I wonder how it defined “famous.” Perhaps it chose sax players whose names showed up in proximity to the word “famous” - ???
 
#9 · (Edited)
Nothing against him, but Klaus Doldinger? Seems obvious it’s just a “most-frequently searched” algorithm…marginally useful, maybe borderline useless really 😴🥱
Surprised Boots isn’t on there…dozens of “famous sax players” missing (but of course only room for 100 if that’s the limit!):

Ike Quebec
George Garzone
Steve Grossman
John Handy
Arnett Cobb
Doc Kupka…& on & on…
 
#12 ·
A few missing imho with two minutes to think about it: Paul Gonsalves, Warne Marsh, Ted Brown, Flip Philips, Willie Smith, Benny Carter, ...
Why, you ask? Why indeed are they missing.

Maybe ask a follow-up question, "What criteria and measure do you apply to determine a saxophone player's fame?"
 
#15 · (Edited)
Yeah, hard to believe Bobby Keys didn’t make that “100 most famous sax players” list, by any measure or algorithm…come to think of it…how could Kenny G not be in one of those 100 slots?!

Edit: missed that Kenny G came in around the 90th slot…in haste I assumed he would’ve easily made the top 10 but perhaps it’s not ranked in order (although that seems odd).
 
#30 · (Edited)
Exemplifies either:
The flaws in nascent AI (not equipped to proofread its own work)…or more insidiously…

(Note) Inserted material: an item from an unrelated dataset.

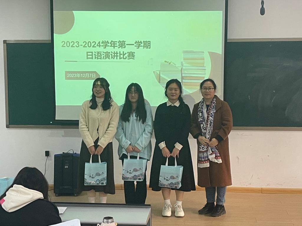 2023年12月7日,外国语学院日语专业在教学一号楼109教室举办2023年日语演讲比赛。日语教研室的张峰老师、张宝红老师、张彬老师、洪艳荣老师、马林娜老师等5名中教,以及外教五十岚拓道老师到场做评委,教研室主任张峰老师主持此次比赛。
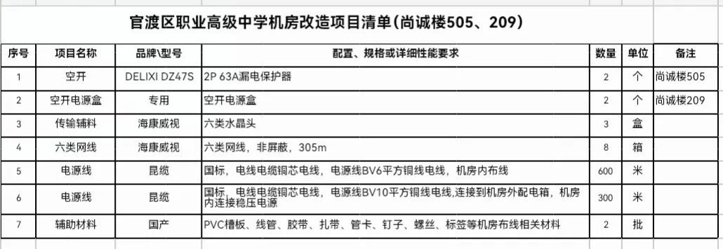 昆明市官渡区职业高级中学尚慧楼201、301机房搬迁项目

AI’s active probing of our capacity to review its output, &/or our willingness to implicitly trust it…& adjusting that threshold as it goes, ie, determining “what % of us will catch that duplicate entry” had the list been 200? 500? 1,000? “Skynet” has arrived 😧

More critically however:

It reveals a dangerous implication that we’re far too easily distracted by sheer nonsense…& it will learn to take advantage of our gullible nature, how we’re easily manipulated to be moved off targets of what’s really important, to the irrelevant “shiny objects.”
 
#21 ·
This AI stuff is just starting to get rolling. It's going to be doing the thinking for all us. Won't take long for the majority to take it as gospel. I'm too old school for that kind of crap. First digital saxophones then this. Our purpose will soon be simply to exist. I can't wait to order my virtual sax! :p
 
#25 · (Edited)
Branford Marsalis, Joshua Redman, Jerry Bergonzi, Don Menza, Bill Evans, Sadao Wantanabe. And I want Jr Walker and Edgar Winter on the list, too!

edit- I shouldn't read the list on my iPhone, since Branford and Joshua are on the list and I was all thumbs for Sadao Watanabe.
The list does not contain any classical players, such as Mule, Rascher, Pittel, Hemke, etc.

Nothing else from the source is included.